Une piste politique pour mobiliser l'épargne des Français
Le gouvernement envisage d'aller plus loin dans l'orientation de l'« épargne réglementée » pour répondre aux besoins d'adaptation au changement climatique. Dans un entretien rapporté par Libération, la ministre de la Transition écologique a évoqué la « piste d'un financement via la Caisse des dépôts issu de l'épargne des Français », une option qui pourrait étendre l'usage des ressources collectées via les livrets réglementés (Livret A, LDDS, LEP) au-delà des affectations actuelles.
«piste d'un financement via la Caisse des dépôts issu de l'épargne des Français»
Cette réflexion intervient alors que l'État a déjà décidé en mars que le Livret A contribuerait en partie au financement de l'EPR2. La Caisse des dépôts centralise une part importante de ces ressources et les affecte aujourd'hui à des missions dites d'utilité publique : transition écologique, renouvellement urbain, logement social, via notamment la Banque des territoires.
Montants et temporalité
La Caisse des dépôts dispose d'une capacité de mobilisation conséquente. Pour la période 2024-2028, elle a prévu de mobiliser 130 milliards d'euros pour « accélérer la transformation écologique du pays », indique TF1 dans le compte rendu des échanges ministériels. Par ailleurs, près de 59,5 % de l'épargne réglementée est centralisée au sein du fonds d'épargne de la Caisse des dépôts, selon les informations relayées par la presse.
Ce que cela change pour l'épargnant
- L'affectation des fonds resterait collective : aucun retrait spécifique n'est demandé aux titulaires de livrets, mais les choix d'investissement de la Caisse changeraient.
- Les sommes issues du Livret A/LDDS/LEP continueraient d'être utilisées pour des prêts et des investissements, mais avec un fléchage potentiellement renforcé vers des projets d'adaptation (infrastructures résilientes, protection contre les aléas climatiques, etc.).
- Rien n'est encore décidé : la ministre et le directeur de la Caisse des dépôts doivent se rencontrer en septembre et des propositions concrètes sont attendues.
Enjeux et implications
Orienter davantage l'épargne réglementée vers l'adaptation soulève plusieurs questions pratiques et politiques.
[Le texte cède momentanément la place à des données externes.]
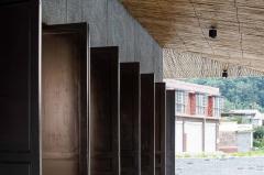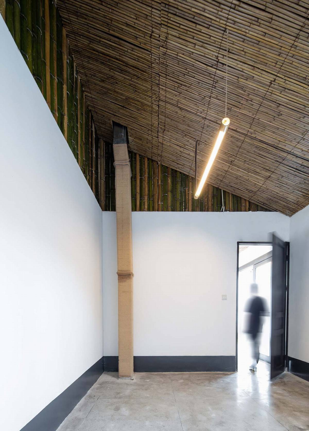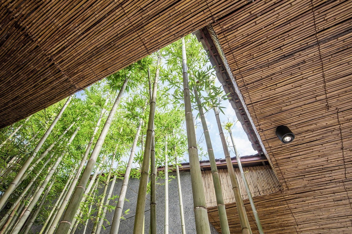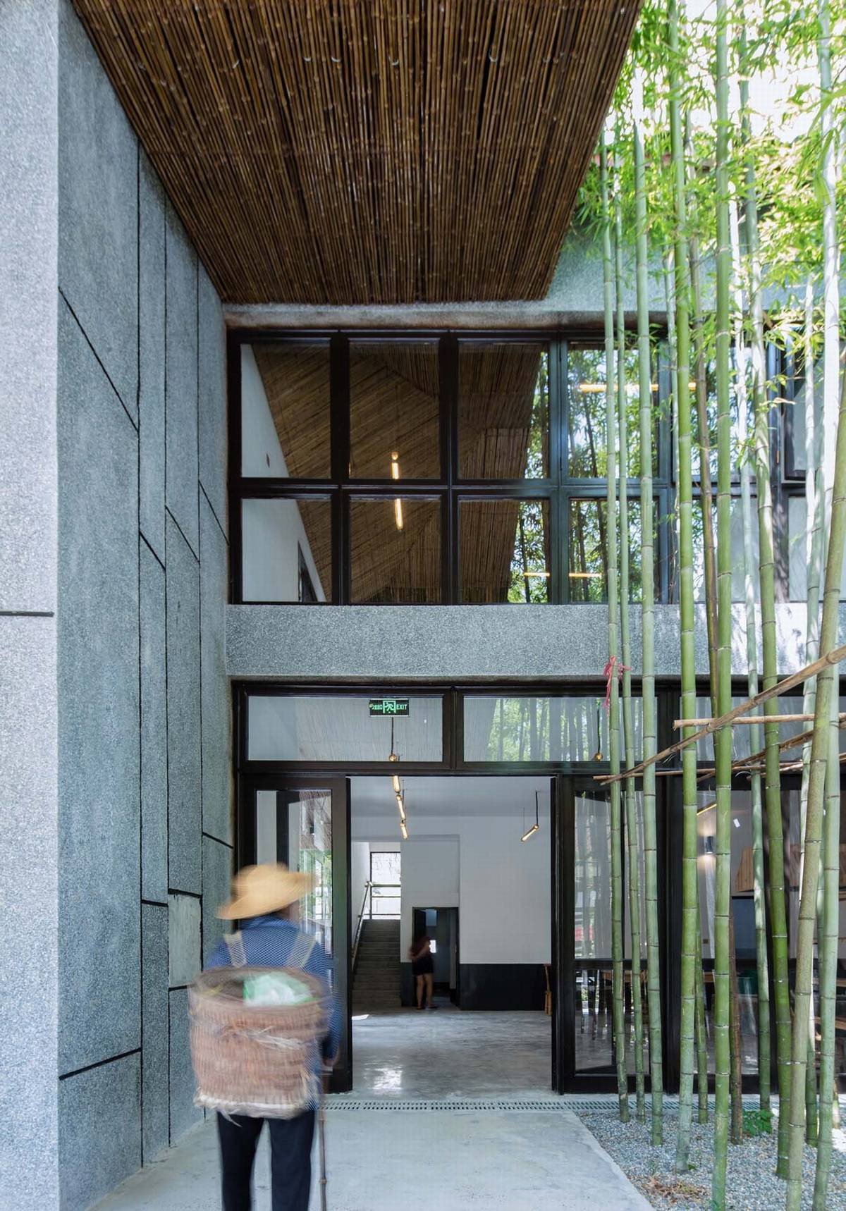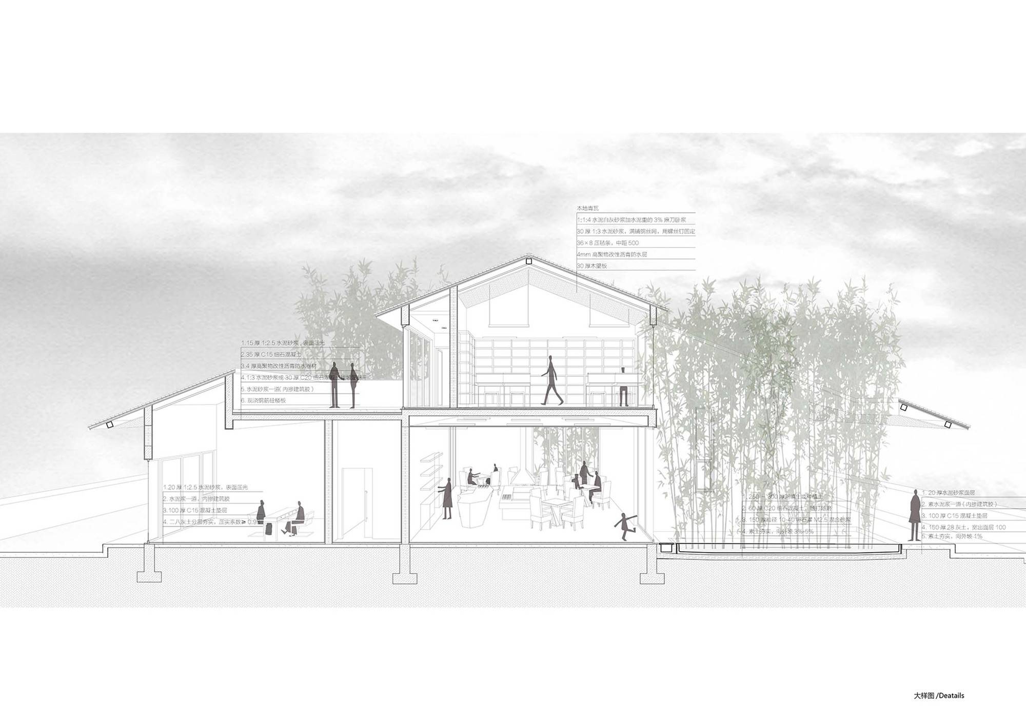 為實(shí)現(xiàn)屋檐處8米的懸挑,采用了混凝土梁挑鋼梁的形式;屋面下再用處理過的細(xì)竹吊頂,提供一種溫暖的尺度和微妙的光線折射。與此相對(duì)應(yīng)的,建筑的外墻采用了黑石子水刷石的處理,地面采用素混凝土打磨,目的是將光線控制在一個(gè)明凈柔和的狀態(tài),從而使屋頂?shù)某叨扰c人的關(guān)系更加明確。墻面水磨石的尺度和分格,暗示了竹節(jié)的紋樣,與屋頂和天井景觀構(gòu)成了自然、人工、抽象,三種竹意向的對(duì)話。

D'une part, il s'agit de définir des critères d'éligibilité des projets d'adaptation et les modalités de suivi des impacts. D'autre part, la réorientation demande des choix de priorité : investissements massifs et visibles dans les territoires exposés, ou financement de programmes nationaux plus larges ?
Enfin, l'option interroge la gouvernance : la Caisse des dépôts, qui déjà canalise une large part de l'épargne des Français, pourrait voir son rôle renforcé comme instrument de politique publique. Le débat sur la nature et l'étendue du « fléchage » sera aussi politique, car il touche à la fois à la souveraineté financière, à la transparence des investissements et à l'acceptabilité pour les citoyens-épargnants.
Chiffres clefs
| Élément | Valeur |
|---|---|
| Part de l'épargne réglementée centralisée à la CDC | 59,5 % |
| Montant prévu mobilisé par la CDC (2024-2028) | 130 milliards € |
Les précisions demandées par le Premier ministre et la rencontre prévue entre la ministre et le directeur de la Caisse des dépôts en septembre devraient clarifier l'ambition et les modalités. Pour l'instant, la piste demeure à l'état d'étude : elle illustre toutefois la tendance plus générale qui consiste à rechercher des financements privés ou mutualisés pour compenser des marges budgétaires réduites face à des enjeux climatiques croissants.